Andrew H. Limper, M.D.
Andrew H. Limper, M.D.
Our laboratory is principally concerned with understanding the pathogenesis of Pneumocystis carinii pneumonia and other infections of the immune compromised host. P. carinii pneumonia is a common and frequently lethal complication of immune suppression affecting patients with AIDS, malignancy, organ transplantation and underlying inflammatory diseases. Host responses to P. carinii are not fully defined, but center around the alveolar macrophage, which acts to recognize and clear the organism from the lung. Over the past several years our laboratory has investigated mechanisms by which macrophages recognize and respond to P. carinii. Following interaction with P. carinii, macrophages act to phagocytize and degrade the organism. In addition, they are stimulated to release a number of inflammatory mediators, most notably tumor necrosis factor-a and eicosanoid metabolites - predominantly PGE2. While host inflammatory responses are essential to elimination of infection, they contribute significantly to lung injury and respiratory failure. Data from our laboratory suggests that respiratory failure and death in pneumonia is correlated more with the release of inflammatory products than with the organisms burden in the lung.

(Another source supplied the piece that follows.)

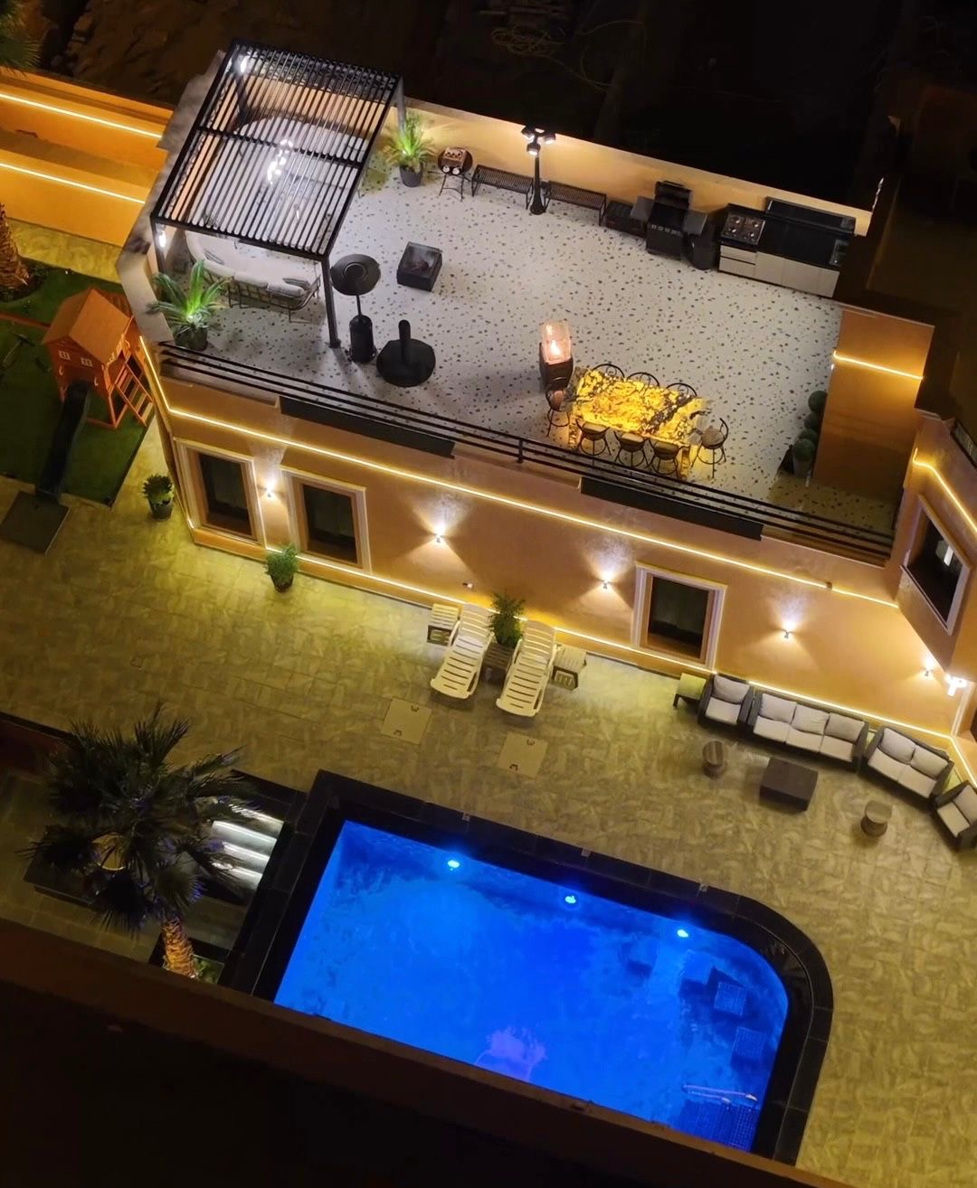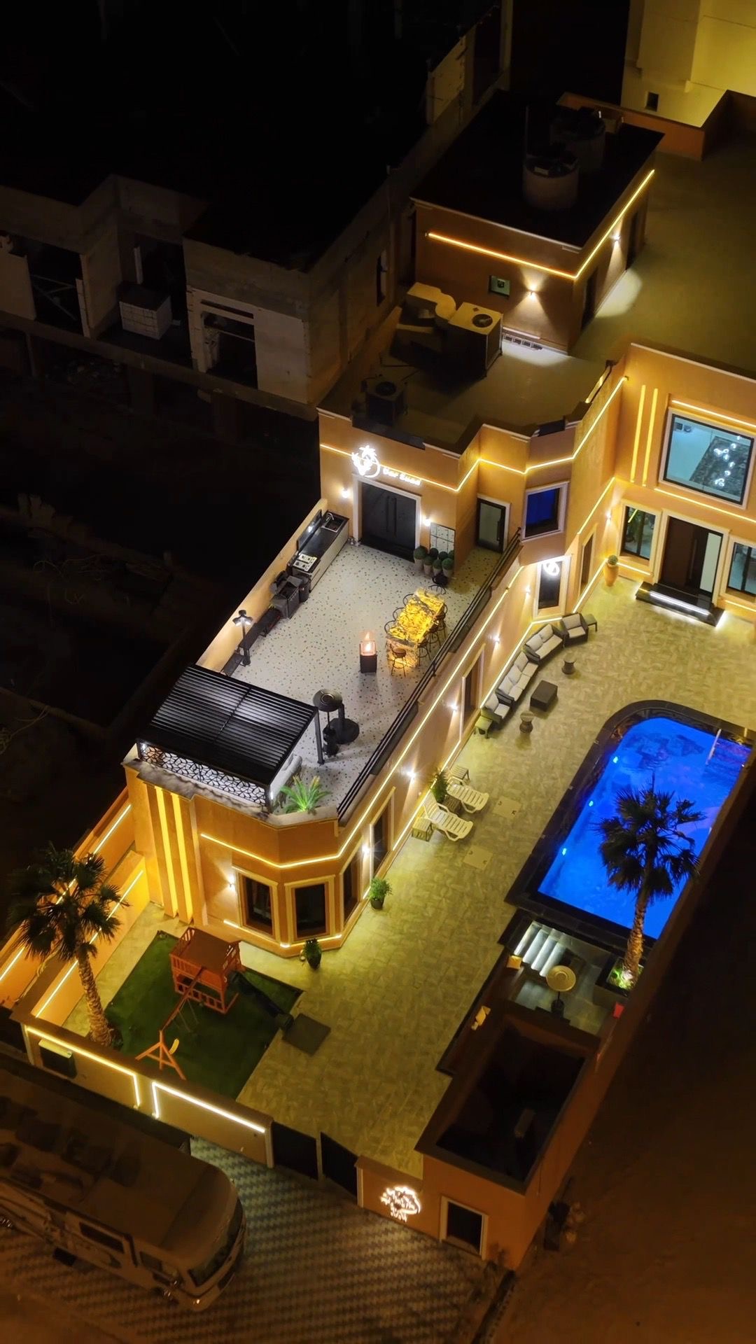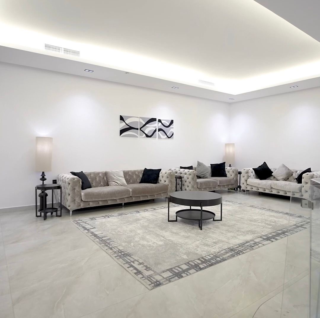 Second row away from the sea for rent Consisting of 6 bedrooms The ground floor consists of: A 5' x 8' outdoor swimming pool with a waterfall and a heated system, 40 to 90 cm deep, suitable for children and adults (cleaned after each tenant) A 6' x 15' living room Kitchen Guest bathroom Coffee corner with a Nespresso coffee machine 3 fully furnished bedrooms (two with a bathroom / one master bedroom) A master VIP maid's room (with two beds) An external driver's room (with two beds) A master VIP maid's room (with two beds) The first floor consists of: A living room overlooking the ground floor 3 fully furnished bedrooms (two with a bathroom / one master bedroom) The bedding is changed after each tenant A rooftop overlooking the swimming pool

Our recent studies have centered on the role of the macrophage mannose and beta-glucan receptor systems in mediating phagocytosis and cytokine release in this infection. Our work demonstrates that while the macrophage mannose receptor is the principal mediator of organism phagocytosis, it does not mediate release of TNFa in response to P. carinii. Instead, macrophage TNFa response during infection appears to be largely transduced through the beta-glucan receptor pathway. We have recently purified a 120 kDa P. carinii glycoprotein termed gpA which appears to act as the principal microbial ligand for alveolar macrophage mannose receptors. Efforts are underway to isolate P. carinii components interacting the beta-glucan receptors. Additional studies are underway evaluating the roles of alveolar adhesive proteins including vitronectin, fibronectin, and surfactant components as candidate non-immune opsonins which modulate interaction of P. carinii with the macrophage during infection.